Даниэль ждал в кабинете минут сорок, пока жена профессора, Герда, не позвала его к Нойгаузу. Крошка, кукла, она была признана самой красивой девушкой Вены в конце двадцатых годов, когда ещё не знали, что красота у женщин начинается после метра восьмидесяти.
— Пять минут, — шепнула она, и Даниэль кивнул.

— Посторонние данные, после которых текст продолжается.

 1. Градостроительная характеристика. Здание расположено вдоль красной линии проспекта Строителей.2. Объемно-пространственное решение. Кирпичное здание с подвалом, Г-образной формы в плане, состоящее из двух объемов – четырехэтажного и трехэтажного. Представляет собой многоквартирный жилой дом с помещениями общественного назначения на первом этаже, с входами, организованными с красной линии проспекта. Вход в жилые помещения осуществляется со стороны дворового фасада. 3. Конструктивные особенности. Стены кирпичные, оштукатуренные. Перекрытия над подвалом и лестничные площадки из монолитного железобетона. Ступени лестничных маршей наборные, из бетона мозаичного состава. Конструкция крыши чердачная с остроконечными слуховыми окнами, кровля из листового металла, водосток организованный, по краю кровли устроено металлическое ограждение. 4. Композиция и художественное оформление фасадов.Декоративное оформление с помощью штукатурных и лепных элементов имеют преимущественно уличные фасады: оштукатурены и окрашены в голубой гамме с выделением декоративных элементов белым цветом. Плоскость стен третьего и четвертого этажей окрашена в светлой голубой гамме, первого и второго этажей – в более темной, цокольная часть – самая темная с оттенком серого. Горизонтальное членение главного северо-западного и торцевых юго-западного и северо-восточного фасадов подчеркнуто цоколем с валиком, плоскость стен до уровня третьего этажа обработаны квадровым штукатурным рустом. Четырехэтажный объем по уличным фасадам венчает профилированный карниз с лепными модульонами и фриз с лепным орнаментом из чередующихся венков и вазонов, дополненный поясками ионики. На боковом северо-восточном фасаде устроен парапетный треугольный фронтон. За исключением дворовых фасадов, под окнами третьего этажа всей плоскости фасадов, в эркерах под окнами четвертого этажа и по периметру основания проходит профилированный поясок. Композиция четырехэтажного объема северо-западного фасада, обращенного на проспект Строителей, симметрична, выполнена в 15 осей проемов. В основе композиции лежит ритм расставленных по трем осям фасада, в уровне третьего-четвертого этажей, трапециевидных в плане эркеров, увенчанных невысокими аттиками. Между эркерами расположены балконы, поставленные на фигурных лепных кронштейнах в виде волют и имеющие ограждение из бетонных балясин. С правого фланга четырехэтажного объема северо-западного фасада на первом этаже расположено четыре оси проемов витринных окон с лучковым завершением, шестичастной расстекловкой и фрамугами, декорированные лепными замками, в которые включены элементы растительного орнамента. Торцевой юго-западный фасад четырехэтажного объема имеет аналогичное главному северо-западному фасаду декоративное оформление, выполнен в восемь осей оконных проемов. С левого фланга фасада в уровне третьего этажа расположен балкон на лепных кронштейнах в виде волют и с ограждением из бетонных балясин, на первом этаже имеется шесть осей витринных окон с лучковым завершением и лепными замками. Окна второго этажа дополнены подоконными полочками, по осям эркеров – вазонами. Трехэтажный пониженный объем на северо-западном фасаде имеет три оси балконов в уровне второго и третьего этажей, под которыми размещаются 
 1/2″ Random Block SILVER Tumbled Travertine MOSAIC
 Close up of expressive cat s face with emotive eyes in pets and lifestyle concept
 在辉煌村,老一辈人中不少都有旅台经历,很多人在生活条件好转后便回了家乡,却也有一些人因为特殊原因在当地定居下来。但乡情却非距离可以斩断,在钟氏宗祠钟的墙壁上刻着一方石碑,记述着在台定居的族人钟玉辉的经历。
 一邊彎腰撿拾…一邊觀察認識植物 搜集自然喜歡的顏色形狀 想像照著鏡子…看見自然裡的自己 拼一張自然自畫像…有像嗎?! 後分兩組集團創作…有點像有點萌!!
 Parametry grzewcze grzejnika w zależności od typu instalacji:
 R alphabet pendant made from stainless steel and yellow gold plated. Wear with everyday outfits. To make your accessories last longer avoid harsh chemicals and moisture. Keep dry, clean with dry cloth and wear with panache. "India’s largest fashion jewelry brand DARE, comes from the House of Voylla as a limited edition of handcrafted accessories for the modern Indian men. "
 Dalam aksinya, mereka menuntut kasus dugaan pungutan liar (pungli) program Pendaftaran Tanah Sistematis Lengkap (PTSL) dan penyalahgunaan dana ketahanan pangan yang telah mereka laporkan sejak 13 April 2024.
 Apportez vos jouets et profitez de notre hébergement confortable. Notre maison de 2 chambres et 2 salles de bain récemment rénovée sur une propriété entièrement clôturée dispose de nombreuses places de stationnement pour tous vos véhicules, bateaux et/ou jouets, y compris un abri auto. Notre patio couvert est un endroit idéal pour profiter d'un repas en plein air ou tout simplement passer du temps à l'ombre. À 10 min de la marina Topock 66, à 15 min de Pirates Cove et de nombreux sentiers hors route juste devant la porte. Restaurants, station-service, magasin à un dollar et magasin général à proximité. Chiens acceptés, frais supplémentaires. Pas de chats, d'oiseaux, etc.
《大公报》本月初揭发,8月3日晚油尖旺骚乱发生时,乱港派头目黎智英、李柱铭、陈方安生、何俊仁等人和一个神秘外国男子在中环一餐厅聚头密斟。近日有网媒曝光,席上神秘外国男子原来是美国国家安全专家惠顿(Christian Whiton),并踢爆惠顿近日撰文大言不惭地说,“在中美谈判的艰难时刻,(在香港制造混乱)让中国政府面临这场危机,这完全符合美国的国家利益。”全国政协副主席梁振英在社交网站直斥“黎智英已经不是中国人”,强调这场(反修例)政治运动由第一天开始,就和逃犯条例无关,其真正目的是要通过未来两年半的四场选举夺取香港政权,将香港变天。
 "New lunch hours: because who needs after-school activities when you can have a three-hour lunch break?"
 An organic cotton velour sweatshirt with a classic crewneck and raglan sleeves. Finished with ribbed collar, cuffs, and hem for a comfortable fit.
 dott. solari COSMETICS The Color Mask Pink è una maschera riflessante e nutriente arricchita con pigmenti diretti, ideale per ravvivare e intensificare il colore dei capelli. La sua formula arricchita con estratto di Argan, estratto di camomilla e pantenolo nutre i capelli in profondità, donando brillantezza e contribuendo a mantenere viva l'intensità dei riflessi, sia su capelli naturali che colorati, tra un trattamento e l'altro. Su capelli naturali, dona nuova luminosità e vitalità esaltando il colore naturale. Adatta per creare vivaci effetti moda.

Старик сидел на кушетке, опираясь спиной о большие белые подушки. Но волосы его и сам он были белее подушек.
— Хорошо, что ты пришёл, — кивнул старик. — Герда говорила, что ты выступал по телевизору. Но она забыла, о чём была передача.
— Это про войну меня расспрашивали, как я у немцев переводчиком служил, — сказал Даниэль.
— Вот, вот, я тоже хотел тебя спросить: а в бане ты с ними не мылся?
— Один раз. Баня парная была, пара много. Не разглядели. От страха так съёжился, что не разглядели. Но я уже приготовился к разоблачению, — признался Даниэль.
— Да… Я хотел с тобой проститься. Видишь, ухожу, — он улыбнулся умным носатым лицом, закрыл глаза, — ухожу к моему учителю, к твоему Богу.
В дверях уже стоял сын профессора. Герда, отвернувшись к окну, пристально разглядывала большую акацию. Потом она проводила Даниэля вниз, поблагодарила и пожала руку.
Говорят, что когда Нойгауз встретил свою жену, над её головой загорелся золотой венчик, и он понял, что это его суженая.
Говорят, что однажды оба их ребёнка — сын и дочь — заболели менингитом и почти умирали, Нойгауз договорился с Богом, чтобы они остались жить. Они выжили, но своих детей у них нет. Всю жизнь они работают с чужими: сын — директор школы для детей с задержкой развития, а дочь учит глухонемых разговаривать.
Говорят, что когда Нойгаузу делали операцию на сердце, один его богатый друг принял обет, что если больной выживет, он все своё богатство раздаст бедным. И Нойгауз разорил его.
Говорят, что во время лекции Нойгауз снимал с себя кипу, помахивал ею вокруг головы и клал на стол:
— Это текстиль! Понимаете, это текстиль. Он не имеет отношения к проблемам веры. Если вы пришли на мои лекции учиться вере, вы ошиблись дверью. Я могу научить думать. Но не всех!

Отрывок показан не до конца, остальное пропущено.